[Records contained in a dataset]
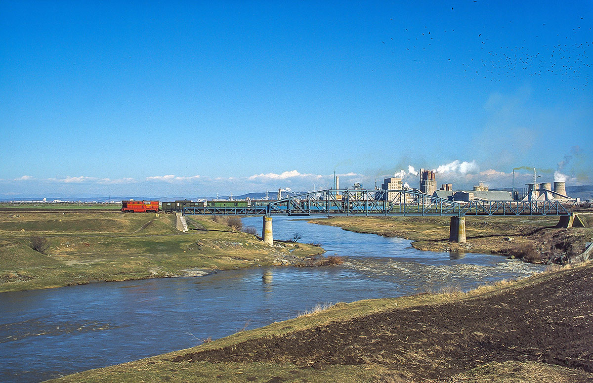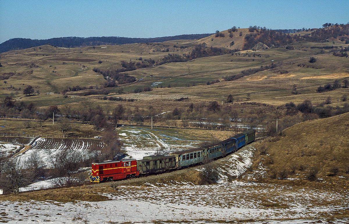 Hinter Eremitu wird mit den Ausläufern des Gurghiu-Gebirges langsam die Schneefallgrenze erreicht. Da die Diesellokomotive nicht über eine Zugheizung verfügt, läuft hinter der Lok ein Heizkesselwagen mit (28.02.1997).Am Haltepunkt Troiţa bereicherte ein schöner Wartburg die Szene (28.02.1997).In Târgu Mureş überquerte am 28. Februar 1997 ein Zug nach Lechinţa die Stahlfachwerkbrücke über den Fluss Mureş. Die Düngemittelfabrik im Hintergrund produziert noch heute.In vielen Orten entlang der Schmalspurstrecke lebte ein größerer Bevölkerungsanteil Roma (28.02.1997).
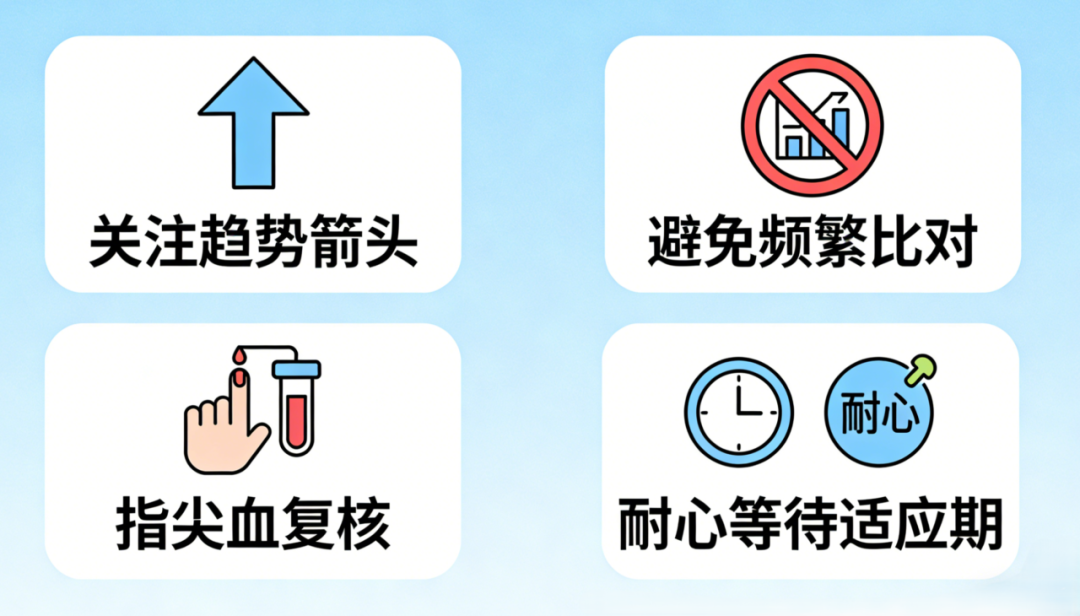 在初期,更应关注血糖变化箭头和曲线趋势,而不是某个绝对数值,趋势对判断身体状况同样重要。
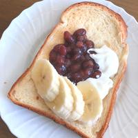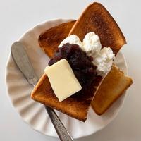 - 2 有塩バターを塗り、ゆであずきをのせます。
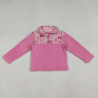 Baby Girls Pink Bows Plaid Quatrefoil Zipper Pullover Sherpa Tops
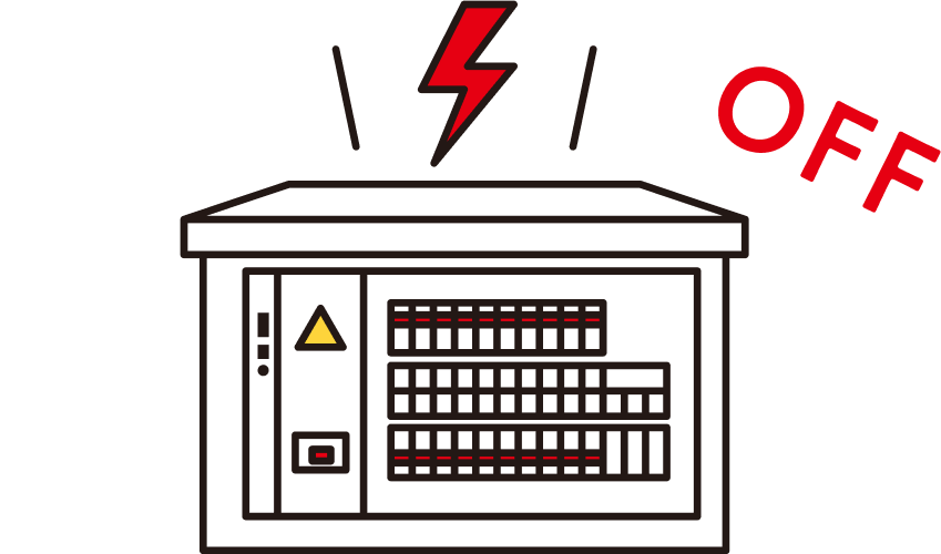 3分以内に停電しなかった場合 主幹漏電ブレーカを3分後※に強制遮断。 ※ 夜間に地震が発生した場合などに避難経路の照明電源を確保するため、3分間の通電時間を設けています。即時遮断に設定変更も可能です
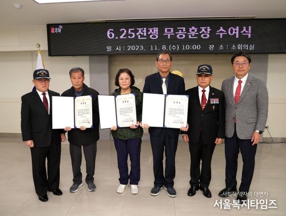서울복지타임즈 이득형 기자 | 김해시는 8일 김해시청 소회의실에서 6·25전쟁에 참전해 공을 세운故안동수 하사, 故구득영 상병, 故박동석 상병의 유가족에게 국방부장관을 대신하여 화랑무공훈장을 전달하는 전수식을 가졌다.
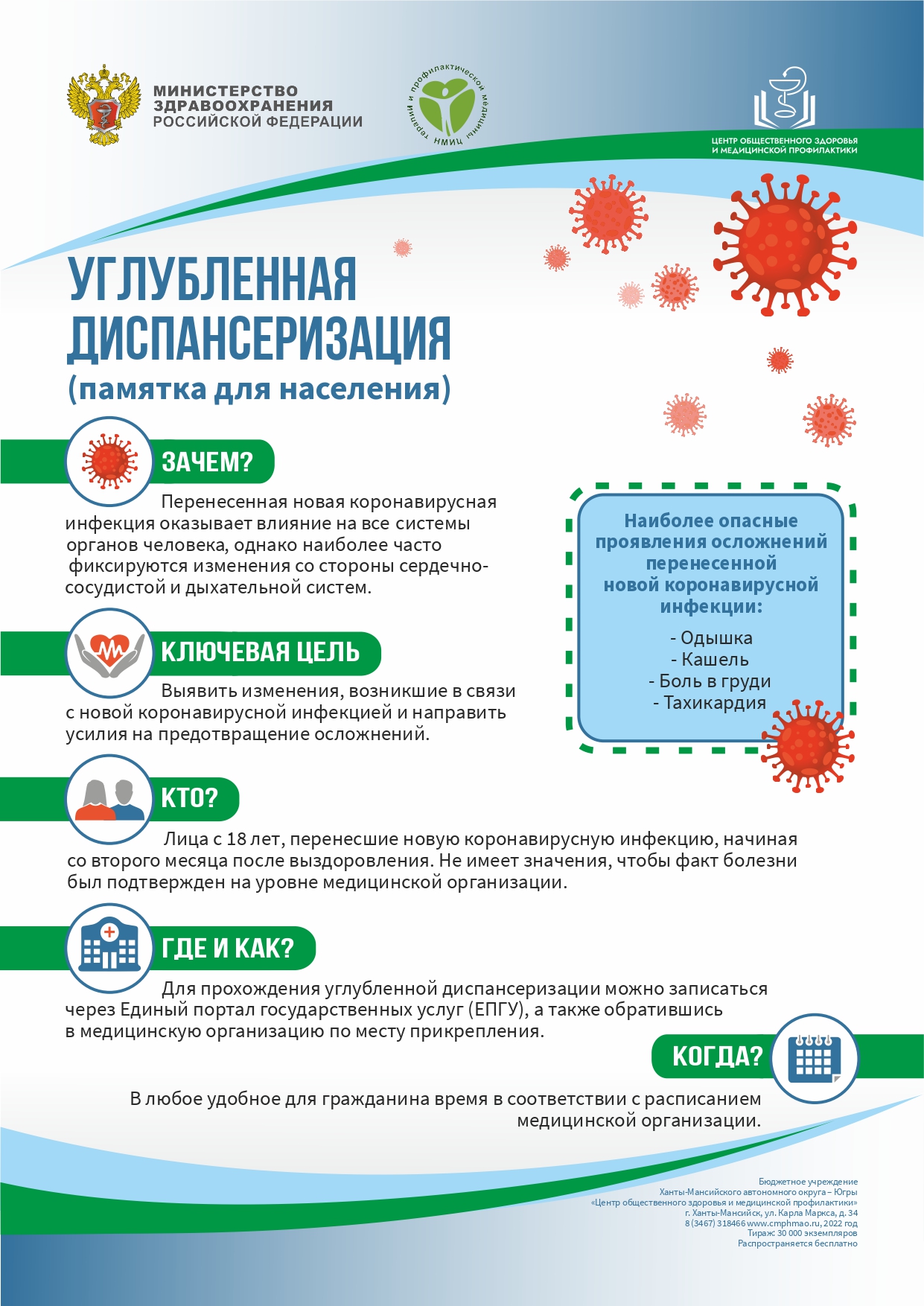 Ключевая цель углубленной диспансеризации - выявить изменения, возникшие в связи с новой коронавирусной инфекцией и направить усилия на предотвращение осложнений.
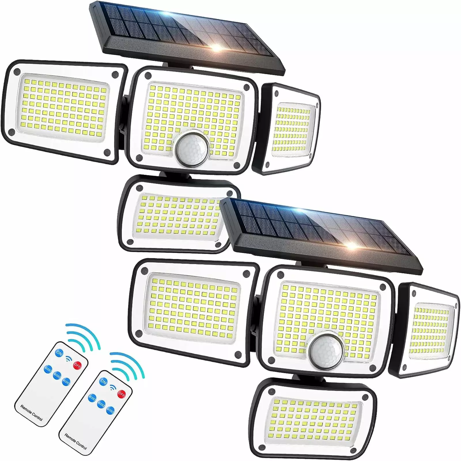 Solar Lights Outdoor Waterproof.346 LED 3000LM Motion Sensor Lights with Remote Control.4-Head High Brightness Flood Lights.Sensitive PIR Motion Inductor Security Light.IP65 Solar Lights for Outside.
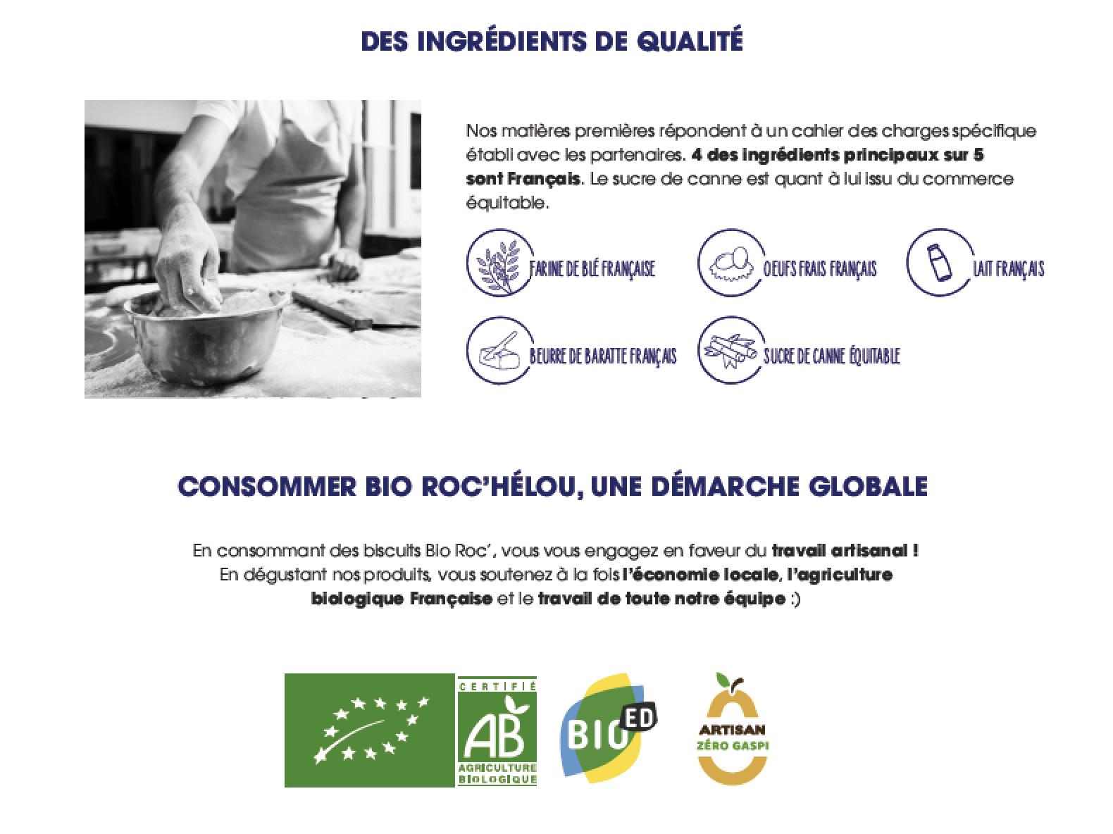 Bio Roc vous propose une large gamme de produits gourmands certifiés AB, à déguster à n’importe quel moment de la journée ! Galettes, palets, crêpes, madeleines, sablés et florentins… il y en a pour tous les goûts :)

[TASK BRIEF]
A word-for-word copy of all the data is required, minus the pictures.

[SOLVED PROBLEM]
 Hinter Eremitu wird mit den Ausläufern des Gurghiu-Gebirges langsam die Schneefallgrenze erreicht. Da die Diesellokomotive nicht über eine Zugheizung verfügt, läuft hinter der Lok ein Heizkesselwagen mit (28.02.1997).Am Haltepunkt Troiţa bereicherte ein schöner Wartburg die Szene (28.02.1997).In Târgu Mureş überquerte am 28. Februar 1997 ein Zug nach Lechinţa die Stahlfachwerkbrücke über den Fluss Mureş. Die Düngemittelfabrik im Hintergrund produziert noch heute.In vielen Orten entlang der Schmalspurstrecke lebte ein größerer Bevölkerungsanteil Roma (28.02.1997).
 在初期,更应关注血糖变化箭头和曲线趋势,而不是某个绝对数值,趋势对判断身体状况同样重要。
 - 2 有塩バターを塗り、ゆであずきをのせます。
 Baby Girls Pink Bows Plaid Quatrefoil Zipper Pullover Sherpa Tops
 3分以内に停電しなかった場合 主幹漏電ブレーカを3分後※に強制遮断。 ※ 夜間に地震が発生した場合などに避難経路の照明電源を確保するため、3分間の通電時間を設けています。即時遮断に設定変更も可能です
서울복지타임즈 이득형 기자 | 김해시는 8일 김해시청 소회의실에서 6·25전쟁에 참전해 공을 세운故안동수 하사, 故구득영 상병, 故박동석 상병의 유가족에게 국방부장관을 대신하여 화랑무공훈장을 전달하는 전수식을 가졌다.
 Ключевая цель углубленной диспансеризации - выявить изменения, возникшие в связи с новой коронавирусной инфекцией и направить усилия на предотвращение осложнений.
 Solar Lights Outdoor Waterproof.346 LED 3000LM Motion Sensor Lights with Remote Control.4-Head High Brightness Flood Lights.Sensitive PIR Motion Inductor Security Light.IP65 Solar Lights for Outside.
 Bio Roc vous propose une large gamme de produits gourmands certifiés AB, à déguster à n’importe quel moment de la journée ! Galettes, palets, crêpes, madeleines, sablés et florentins… il y en a pour tous les goûts :)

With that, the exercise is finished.